令在ar1[]中遍历的当前元素为x,在ar2[]中为y,在ar3[]中为z。 我们可以在循环中包含以下几种情况。
-
如果
x,y和z相同,我们可以简单地将它们中的任何一个打印为公共元素并在所有三个数组中向前移动。 -
否则,如果
x < y,我们可以在ar1[]中继续前进,因为x不能是一个公共元素。 -
否则,如果
x > z和y > z),我们可以简单地在ar3[]中向前移动,因为z不能成为公共元素。
下图是上述方法的模拟:
下面是上述方法的实现:
C++
// C++ program to print common elements in three arrays
#include <bits/stdc++.h>
using namespace std;
// This function prints common elements in ar1
void findCommon(int ar1[], int ar2[], int ar3[], int n1, int n2, int n3)
{
// Initialize starting indexes for ar1[], ar2[] and ar3[]
int i = 0, j = 0, k = 0;
// Iterate through three arrays while all arrays have elements
while (i < n1 && j < n2 && k < n3)
{
// If x = y and y = z, print any of them and move ahead
// in all arrays
if (ar1[i] == ar2[j] && ar2[j] == ar3[k])

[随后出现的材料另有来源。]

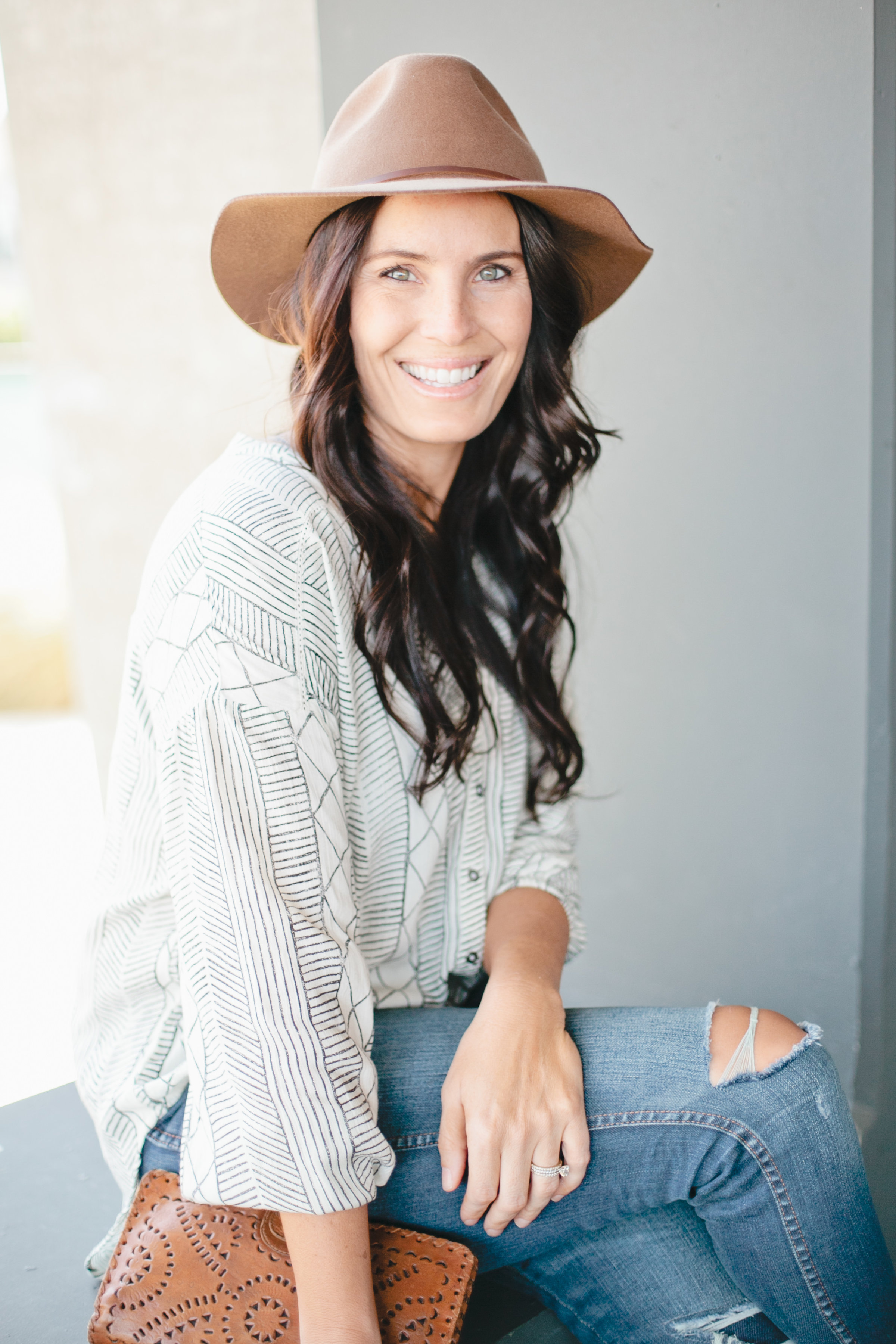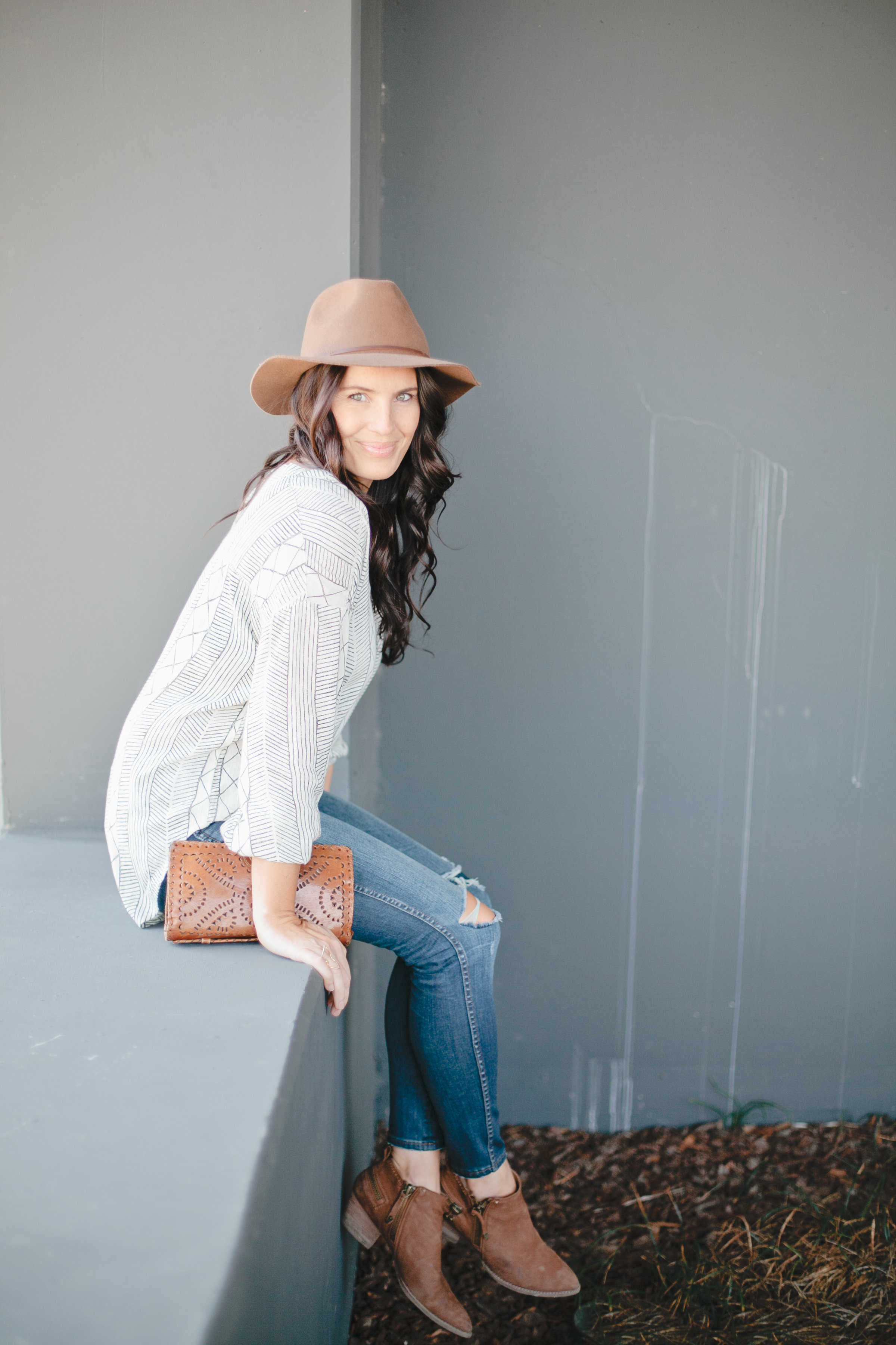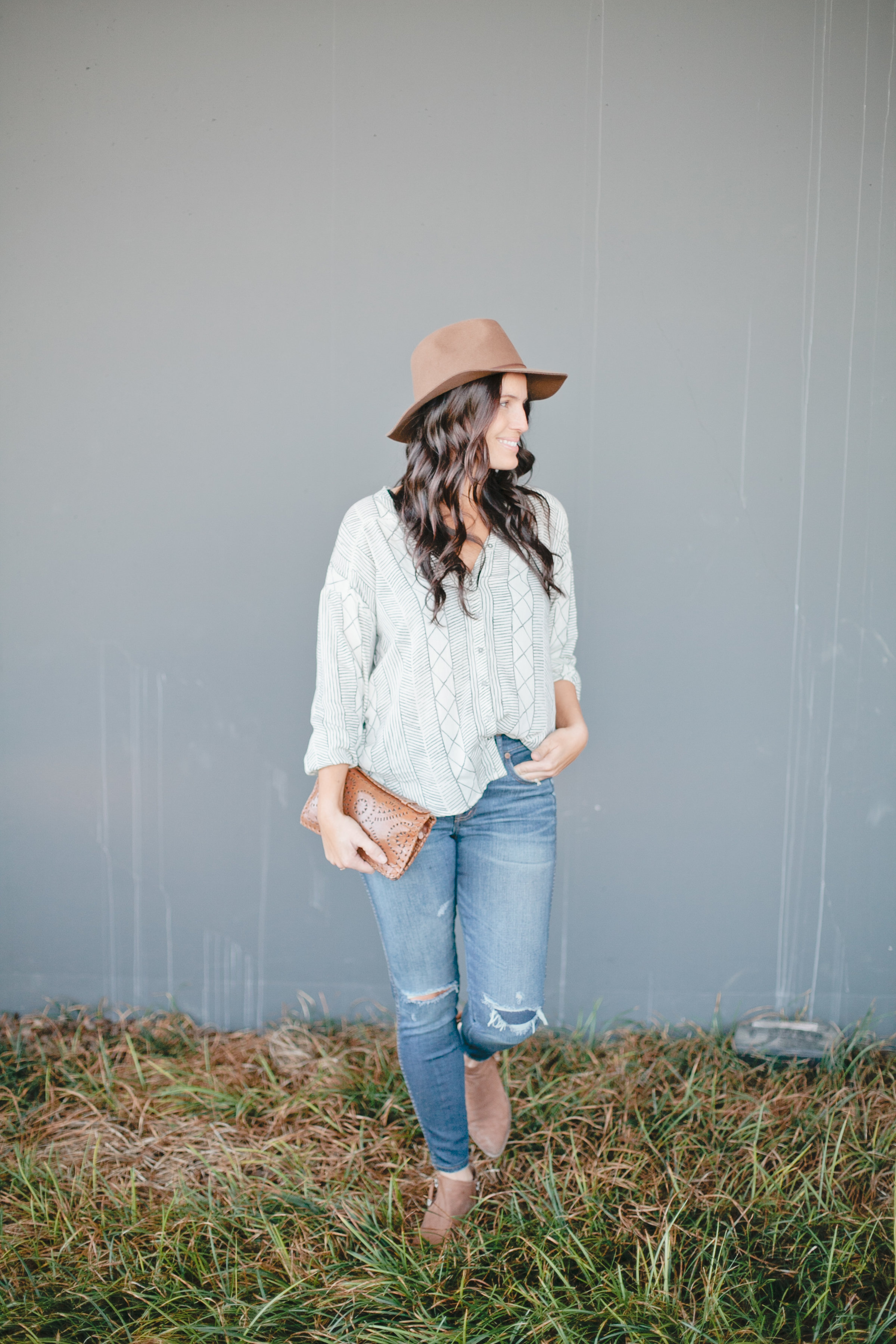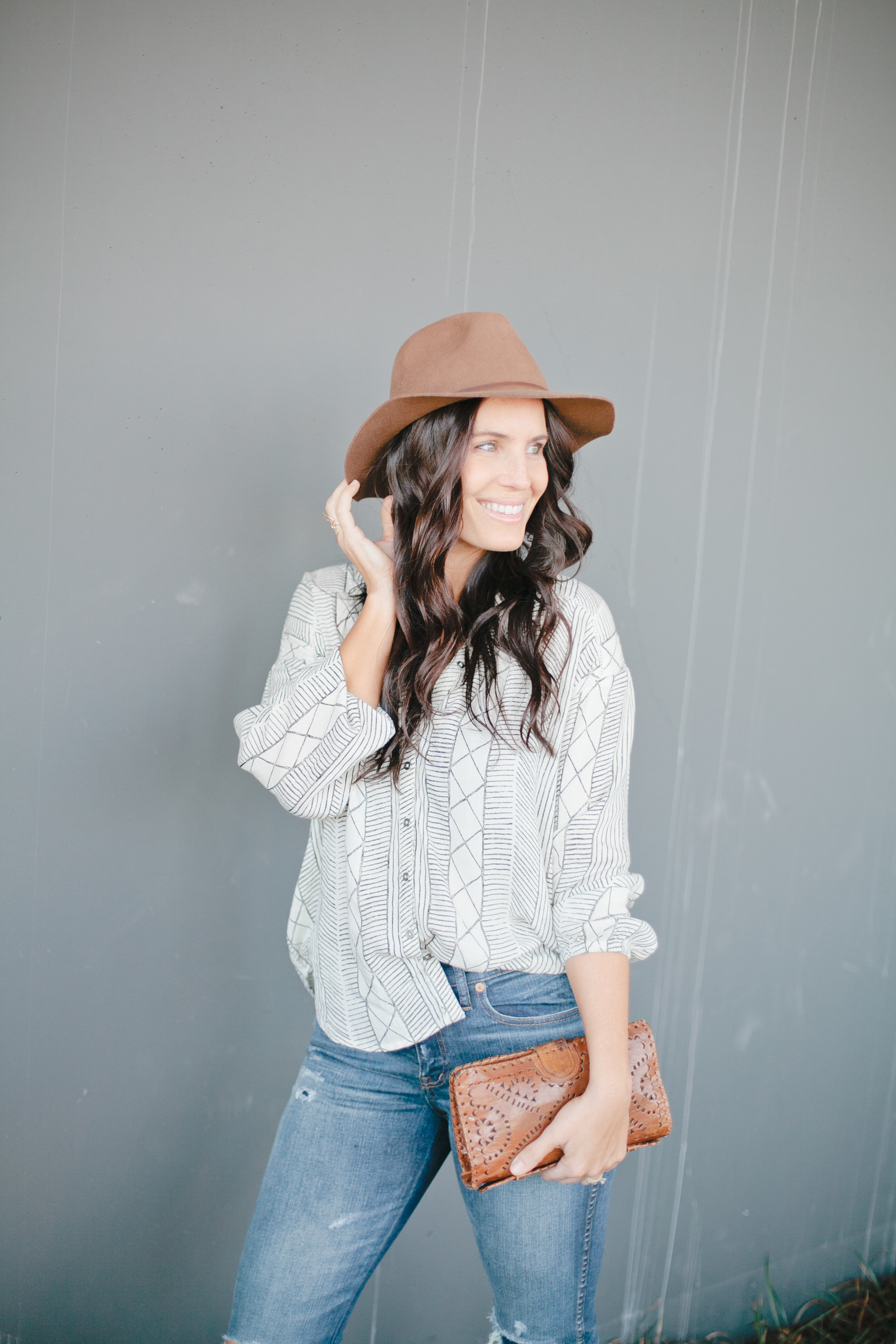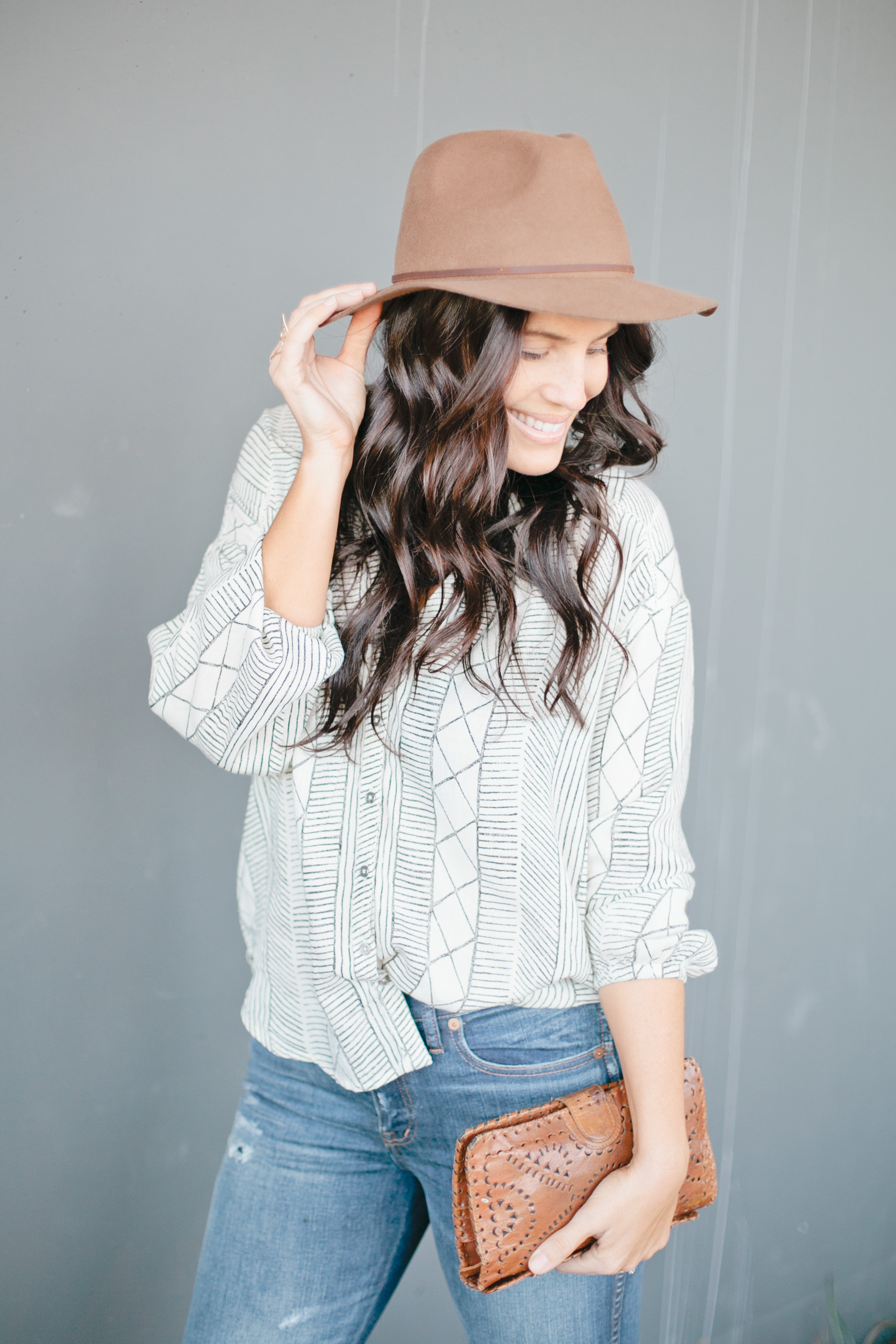 I love the simple but graphic black and white print. I again paired it with my Madewell High Rise Skinnies – I’ve been wearing the crap out of those lately – a cute hat by Brixton, my favorite Cleobella clutch and my Dolce Vita booties.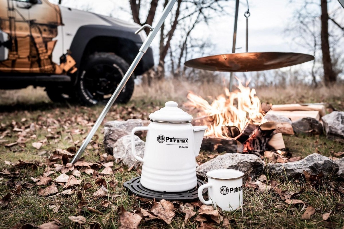 Cana camping Petromax este o cana vintage, emailata, de culoare alba, din care se poate savura in aer liber o cafea, un ceai sau orice bautura calda sau rece. Combinarea materialelor precum sticla si otel au ca rezultat un material robust, usor de curatat.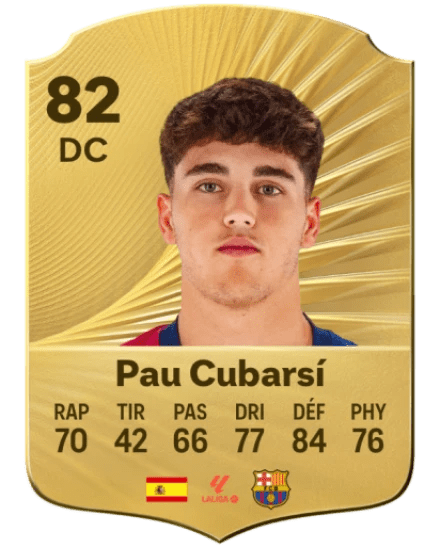 Toujours en Espagne, Pau Cubarsí a réussi à s’imposer sous les ordres d’Hansi Flick, assez pour être aussi appelé en équipe nationale. Avec un 82 de note générale du haut de ses 18 ans, le petit (1,82 m tout de même) ne demande qu’à progresser. Il peut déjà être intégré dans n’importe quel onze puisque toutes ses stats défensives sont à plus de 80, solide.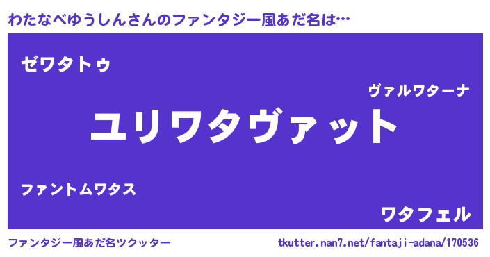| 男性向けラノベタイトル風あだ名 | 『転生したらわたなべゆうしんだった件』 |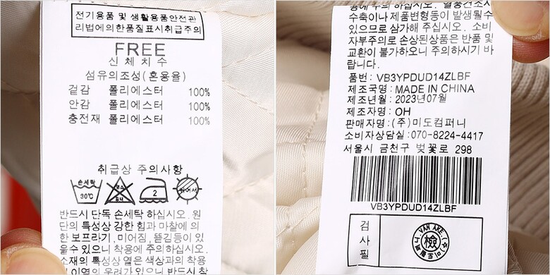 | 1. 제품 소재 (섬유의 조성 또는 혼용률을 백분율로 표시, 기능성인 경우 성적서 또는 허가서) | 겉감-폴리에스터100% 안감-폴리에스터100% 충전재-폴리에스터100% |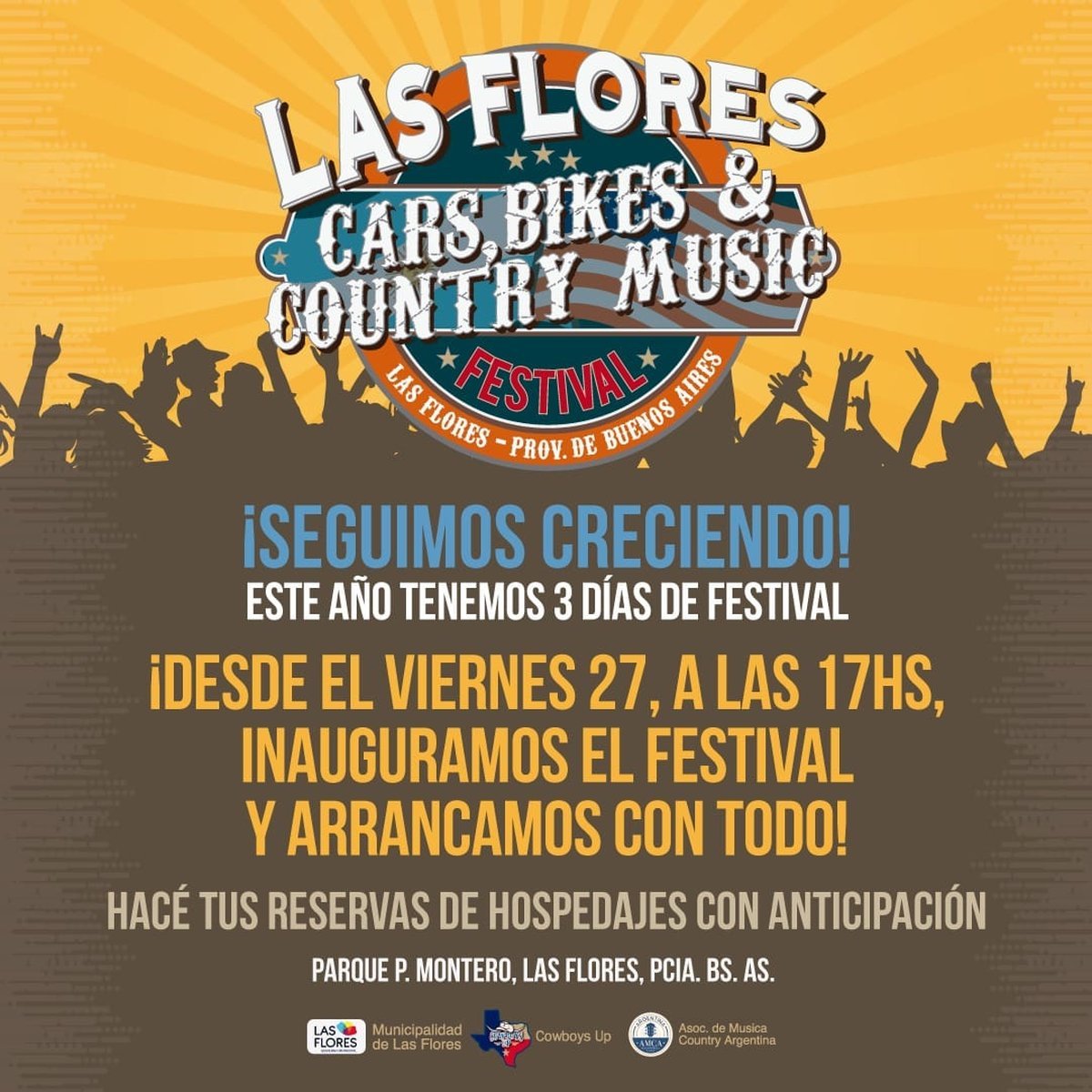 El viernes 27, sábado 28 y domingo 29 de octubre, la ciudad de Las Flores llevará adelante una nueva edición del festival de música country, conocido como "Cars, Bikes & Country Music", con entrada libre y gratuita. El mismo tendrá lugar a partir de las 17 horas, en el Parque Plaza Montero de la ciudad bonaerense de Las Flores.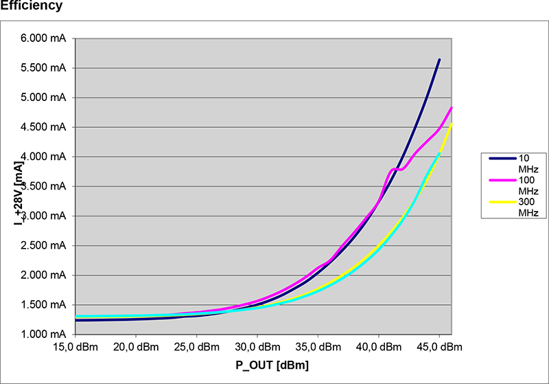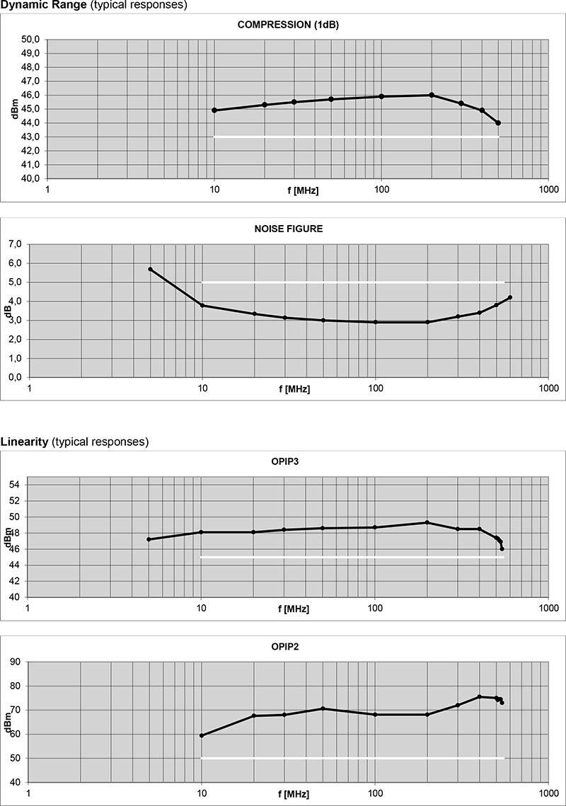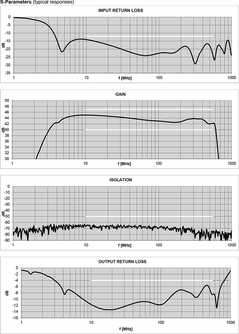 - 高三階交調點(OIP3)+49 dBm,適用於高線性需求之數位調變訊號放大

{ cout << ar1[i] << " "; i++; j++; k++; }
// x < y
else if (ar1[i] < ar2[j])
i++;
// y < z
else if (ar2[j] < ar3[k])
j++;
// We reach here when x > y and z < y, i.e., z is smallest
else
k++;
}
}
// Driver program to test above function
int main()
{
int ar1[] = {1, 5, 10, 20, 40, 80};
int ar2[] = {6, 7, 20, 80, 100};
int ar3[] = {3, 4, 15, 20, 30, 70, 80, 120};
int n1 = sizeof(ar1)/sizeof(ar1[0]);
int n2 = sizeof(ar2)/sizeof(ar2[0]);
int n3 = sizeof(ar3)/sizeof(ar3[0]);
cout << "Common Elements are ";
findCommon(ar1, ar2, ar3, n1, n2, n3);
return 0;
}
Java
// Java program to find common elements in three arrays
class FindCommon
{
// This function prints common elements in ar1
void findCommon(int ar1[], int ar2[], int ar3[])
{
// Initialize starting indexes for ar1[], ar2[] and ar3[]
int i = 0, j = 0, k = 0;
// Iterate through three arrays while all arrays have elements
while (i < ar1.length && j < ar2.length && k < ar3.length)
{
// If x = y and y = z, print any of them and move ahead
// in all arrays
if (ar1[i] == ar2[j] && ar2[j] == ar3[k])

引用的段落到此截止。